Dissolved organic carbon (DOC) in groundwater is usually expressed as milligrams of organic carbon per liter of filtered water (mg/L). DOC in both ground- and surface water systems is made up of thousands of individual compounds that are difficult to identify. However, they rarely need to be identified for most groundwater applications and more inexpensive DOC measurements typically suffice. For that reason, DOC measurements are thus a routine component of many general-purpose groundwater analyses. DOC is present in all surface water and groundwater, but in groundwater the concentrations are small relative to their concentration in surface water. In uncontaminated (pristine) groundwater, DOC is generally much less than 1 percent by weight of total dissolved solids (TDS) present. However, DOC in groundwater is important despite the typically low concentration. Active bacteria of natural origin are present nearly everywhere in groundwater and they foster biochemical reactions that commonly influence or control groundwater quality (i.e., water usefulness). For example, the presence and nature of the DOC may be a controlling factor in the biochemical processes that govern the pH and oxidation-reduction state of the water. pH and oxidation-reduction state, in turn, governs concentrations of important water-quality constituents such as iron, manganese, chromium, arsenic and nitrate. It is useful to read the Groundwater Project book, Groundwater Microbiology (2021) as background for reading this book.

One reason for measuring the amount of DOC in groundwater is to determine whether the water has a normal concentration, with normal being between 0.3 and 1 mg/L. Exceptionally abnormal levels are above 5 mg/L. Abnormality usually indicates something important, for example the DOC may come from anthropogenic sources or from direct infiltration of water from a river or lake into an aquifer. Alternatively, it may indicate that agricultural or industrial activity has diminished DOC attenuation in water percolating through the vadose zone. Any of these situations would indicate the need to consider possible causes of contamination that would be worthy of further investigation.

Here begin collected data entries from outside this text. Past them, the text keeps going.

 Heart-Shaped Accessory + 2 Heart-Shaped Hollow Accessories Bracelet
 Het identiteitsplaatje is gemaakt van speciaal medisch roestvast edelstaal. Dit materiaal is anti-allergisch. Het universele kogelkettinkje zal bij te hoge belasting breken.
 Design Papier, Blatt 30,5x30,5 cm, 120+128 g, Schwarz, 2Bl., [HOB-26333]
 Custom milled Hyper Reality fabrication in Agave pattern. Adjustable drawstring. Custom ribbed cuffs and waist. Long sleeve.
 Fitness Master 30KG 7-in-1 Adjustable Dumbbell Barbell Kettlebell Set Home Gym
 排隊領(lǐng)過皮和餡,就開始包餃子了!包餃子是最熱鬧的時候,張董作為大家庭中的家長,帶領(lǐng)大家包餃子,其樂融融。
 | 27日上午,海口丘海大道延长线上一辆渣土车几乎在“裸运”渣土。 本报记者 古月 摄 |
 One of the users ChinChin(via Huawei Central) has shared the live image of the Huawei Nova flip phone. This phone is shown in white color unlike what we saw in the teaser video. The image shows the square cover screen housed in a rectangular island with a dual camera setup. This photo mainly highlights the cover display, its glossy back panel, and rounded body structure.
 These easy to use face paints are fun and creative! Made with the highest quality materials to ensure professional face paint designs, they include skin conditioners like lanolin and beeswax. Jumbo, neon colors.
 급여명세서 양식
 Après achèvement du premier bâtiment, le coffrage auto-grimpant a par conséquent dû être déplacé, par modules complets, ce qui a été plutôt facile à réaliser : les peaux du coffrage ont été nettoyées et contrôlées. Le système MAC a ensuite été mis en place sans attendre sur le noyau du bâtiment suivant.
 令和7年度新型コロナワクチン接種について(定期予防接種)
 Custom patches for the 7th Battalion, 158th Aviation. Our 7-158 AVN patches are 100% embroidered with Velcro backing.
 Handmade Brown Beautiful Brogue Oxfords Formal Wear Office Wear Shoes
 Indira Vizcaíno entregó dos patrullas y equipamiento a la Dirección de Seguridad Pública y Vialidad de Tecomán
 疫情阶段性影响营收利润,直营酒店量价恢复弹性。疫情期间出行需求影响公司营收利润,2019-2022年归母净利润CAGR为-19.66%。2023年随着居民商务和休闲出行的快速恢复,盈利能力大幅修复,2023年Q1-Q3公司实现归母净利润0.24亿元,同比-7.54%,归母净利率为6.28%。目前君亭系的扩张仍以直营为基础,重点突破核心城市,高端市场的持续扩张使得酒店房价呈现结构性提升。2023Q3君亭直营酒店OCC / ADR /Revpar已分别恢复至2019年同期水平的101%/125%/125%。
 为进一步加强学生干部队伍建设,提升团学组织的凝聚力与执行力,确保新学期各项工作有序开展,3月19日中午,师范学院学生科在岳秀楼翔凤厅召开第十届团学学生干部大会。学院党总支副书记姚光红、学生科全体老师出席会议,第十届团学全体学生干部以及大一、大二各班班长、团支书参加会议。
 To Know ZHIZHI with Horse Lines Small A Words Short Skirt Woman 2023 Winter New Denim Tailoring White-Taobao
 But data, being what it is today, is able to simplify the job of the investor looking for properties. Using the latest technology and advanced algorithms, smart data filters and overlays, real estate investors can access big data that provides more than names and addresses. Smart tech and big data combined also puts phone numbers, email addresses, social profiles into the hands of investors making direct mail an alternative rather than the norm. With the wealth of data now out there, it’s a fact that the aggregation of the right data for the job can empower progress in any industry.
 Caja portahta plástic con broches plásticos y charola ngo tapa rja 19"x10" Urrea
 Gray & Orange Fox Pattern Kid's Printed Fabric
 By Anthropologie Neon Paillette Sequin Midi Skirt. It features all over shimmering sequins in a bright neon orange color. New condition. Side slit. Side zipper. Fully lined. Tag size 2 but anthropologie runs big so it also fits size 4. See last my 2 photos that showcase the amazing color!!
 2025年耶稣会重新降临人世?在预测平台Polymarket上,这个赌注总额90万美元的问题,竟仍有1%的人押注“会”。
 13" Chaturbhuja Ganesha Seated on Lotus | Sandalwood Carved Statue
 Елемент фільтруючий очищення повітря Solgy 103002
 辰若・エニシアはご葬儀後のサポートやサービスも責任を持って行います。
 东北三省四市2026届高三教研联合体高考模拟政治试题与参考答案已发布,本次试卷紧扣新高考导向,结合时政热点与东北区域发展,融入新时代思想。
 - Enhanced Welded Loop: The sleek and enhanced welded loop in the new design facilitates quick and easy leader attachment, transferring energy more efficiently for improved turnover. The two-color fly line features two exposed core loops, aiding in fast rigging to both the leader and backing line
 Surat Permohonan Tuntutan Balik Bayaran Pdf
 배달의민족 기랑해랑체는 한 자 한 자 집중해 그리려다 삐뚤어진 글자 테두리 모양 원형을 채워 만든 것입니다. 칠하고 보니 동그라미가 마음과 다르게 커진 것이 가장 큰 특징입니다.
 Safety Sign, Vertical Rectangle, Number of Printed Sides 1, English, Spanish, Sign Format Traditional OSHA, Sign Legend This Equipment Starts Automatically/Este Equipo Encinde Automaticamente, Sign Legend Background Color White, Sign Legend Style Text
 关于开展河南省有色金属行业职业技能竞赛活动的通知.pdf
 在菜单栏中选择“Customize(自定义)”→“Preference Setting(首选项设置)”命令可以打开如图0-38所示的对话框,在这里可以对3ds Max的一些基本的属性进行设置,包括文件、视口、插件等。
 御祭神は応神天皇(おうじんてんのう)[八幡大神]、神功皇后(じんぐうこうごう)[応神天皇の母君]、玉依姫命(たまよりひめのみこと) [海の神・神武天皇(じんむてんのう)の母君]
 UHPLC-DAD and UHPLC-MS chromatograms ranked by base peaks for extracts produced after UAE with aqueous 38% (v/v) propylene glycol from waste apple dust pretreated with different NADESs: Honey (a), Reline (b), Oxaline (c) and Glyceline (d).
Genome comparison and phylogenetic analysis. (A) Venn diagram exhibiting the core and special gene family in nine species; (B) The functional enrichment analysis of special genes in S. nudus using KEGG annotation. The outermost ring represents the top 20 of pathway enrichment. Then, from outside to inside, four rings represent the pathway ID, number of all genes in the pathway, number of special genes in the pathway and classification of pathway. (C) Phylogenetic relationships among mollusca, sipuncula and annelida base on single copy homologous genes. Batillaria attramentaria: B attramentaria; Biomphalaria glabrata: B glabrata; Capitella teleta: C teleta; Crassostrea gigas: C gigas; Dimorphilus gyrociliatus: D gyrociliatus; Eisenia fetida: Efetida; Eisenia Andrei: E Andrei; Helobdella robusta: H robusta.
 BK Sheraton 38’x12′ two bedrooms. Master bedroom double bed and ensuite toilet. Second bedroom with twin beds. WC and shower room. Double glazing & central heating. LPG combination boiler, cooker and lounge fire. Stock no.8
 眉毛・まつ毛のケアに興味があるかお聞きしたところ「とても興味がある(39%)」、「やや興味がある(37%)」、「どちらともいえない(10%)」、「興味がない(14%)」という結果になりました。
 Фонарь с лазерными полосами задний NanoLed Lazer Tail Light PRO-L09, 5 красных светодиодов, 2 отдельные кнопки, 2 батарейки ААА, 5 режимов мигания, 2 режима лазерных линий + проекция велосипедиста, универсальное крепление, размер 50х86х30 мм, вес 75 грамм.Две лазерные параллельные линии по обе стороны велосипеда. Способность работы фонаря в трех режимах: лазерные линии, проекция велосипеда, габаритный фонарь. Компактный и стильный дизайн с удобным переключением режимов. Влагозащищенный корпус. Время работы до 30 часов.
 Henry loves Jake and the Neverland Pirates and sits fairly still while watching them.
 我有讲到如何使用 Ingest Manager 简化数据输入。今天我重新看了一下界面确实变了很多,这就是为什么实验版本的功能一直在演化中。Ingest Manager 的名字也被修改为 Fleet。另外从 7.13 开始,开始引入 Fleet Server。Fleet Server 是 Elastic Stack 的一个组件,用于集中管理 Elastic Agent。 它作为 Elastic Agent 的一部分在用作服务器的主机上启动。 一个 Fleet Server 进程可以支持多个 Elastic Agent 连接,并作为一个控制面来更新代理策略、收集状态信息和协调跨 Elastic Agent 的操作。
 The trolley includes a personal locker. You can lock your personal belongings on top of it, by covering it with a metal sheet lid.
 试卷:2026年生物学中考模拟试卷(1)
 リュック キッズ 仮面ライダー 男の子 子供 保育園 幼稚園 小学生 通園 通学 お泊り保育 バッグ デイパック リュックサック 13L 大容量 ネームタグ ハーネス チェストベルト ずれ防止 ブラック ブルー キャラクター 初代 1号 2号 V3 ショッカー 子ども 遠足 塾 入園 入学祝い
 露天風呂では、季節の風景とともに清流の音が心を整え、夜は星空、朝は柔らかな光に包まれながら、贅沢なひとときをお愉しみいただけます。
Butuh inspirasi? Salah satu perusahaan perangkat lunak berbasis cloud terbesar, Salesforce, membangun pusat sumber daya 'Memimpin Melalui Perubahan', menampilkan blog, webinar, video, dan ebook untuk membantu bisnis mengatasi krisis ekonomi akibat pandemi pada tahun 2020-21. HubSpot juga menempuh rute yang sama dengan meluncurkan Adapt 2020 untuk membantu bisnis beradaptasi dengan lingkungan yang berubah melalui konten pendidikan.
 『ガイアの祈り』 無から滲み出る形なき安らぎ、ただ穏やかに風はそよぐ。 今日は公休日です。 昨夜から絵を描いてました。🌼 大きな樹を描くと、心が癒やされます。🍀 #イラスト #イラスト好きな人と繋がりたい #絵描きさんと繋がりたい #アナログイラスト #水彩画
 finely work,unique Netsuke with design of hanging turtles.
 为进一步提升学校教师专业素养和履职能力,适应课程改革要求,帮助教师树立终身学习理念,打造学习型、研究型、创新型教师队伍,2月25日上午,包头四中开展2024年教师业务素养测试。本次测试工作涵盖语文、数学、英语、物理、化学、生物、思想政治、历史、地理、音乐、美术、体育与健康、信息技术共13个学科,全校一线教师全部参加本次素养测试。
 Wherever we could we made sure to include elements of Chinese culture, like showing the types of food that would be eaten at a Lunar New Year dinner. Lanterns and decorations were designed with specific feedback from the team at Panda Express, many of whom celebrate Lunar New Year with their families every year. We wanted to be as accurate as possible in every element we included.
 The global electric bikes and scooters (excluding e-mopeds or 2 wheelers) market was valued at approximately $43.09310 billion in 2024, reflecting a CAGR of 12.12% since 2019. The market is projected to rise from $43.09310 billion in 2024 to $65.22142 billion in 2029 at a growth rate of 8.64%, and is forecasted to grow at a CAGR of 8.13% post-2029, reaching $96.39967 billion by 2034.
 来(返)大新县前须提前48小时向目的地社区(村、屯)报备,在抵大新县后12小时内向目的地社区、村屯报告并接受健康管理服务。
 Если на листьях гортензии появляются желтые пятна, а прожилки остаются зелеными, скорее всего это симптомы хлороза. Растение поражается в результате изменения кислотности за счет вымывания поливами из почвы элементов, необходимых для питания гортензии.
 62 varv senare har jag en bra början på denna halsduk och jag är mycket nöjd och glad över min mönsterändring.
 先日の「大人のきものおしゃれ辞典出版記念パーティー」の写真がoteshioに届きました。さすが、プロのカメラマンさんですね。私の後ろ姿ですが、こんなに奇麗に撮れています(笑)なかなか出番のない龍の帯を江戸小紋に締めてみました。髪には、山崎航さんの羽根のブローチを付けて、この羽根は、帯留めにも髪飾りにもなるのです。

The author of this book, Dr. Francis Chapelle is an emeritus Research Hydrologist at the United States Geological Survey where his research has focused on how microbial processes affect pristine and contaminated groundwater. He authored the textbook Groundwater Microbiology and Geochemistry that was published as a second edition in 2003 and he has received numerous awards for his life’s work. The Groundwater Project feels fortunate that Dr. Chapelle freely provided this synthesis of humankind’s knowledge of DOC for all who want to know more about groundwater.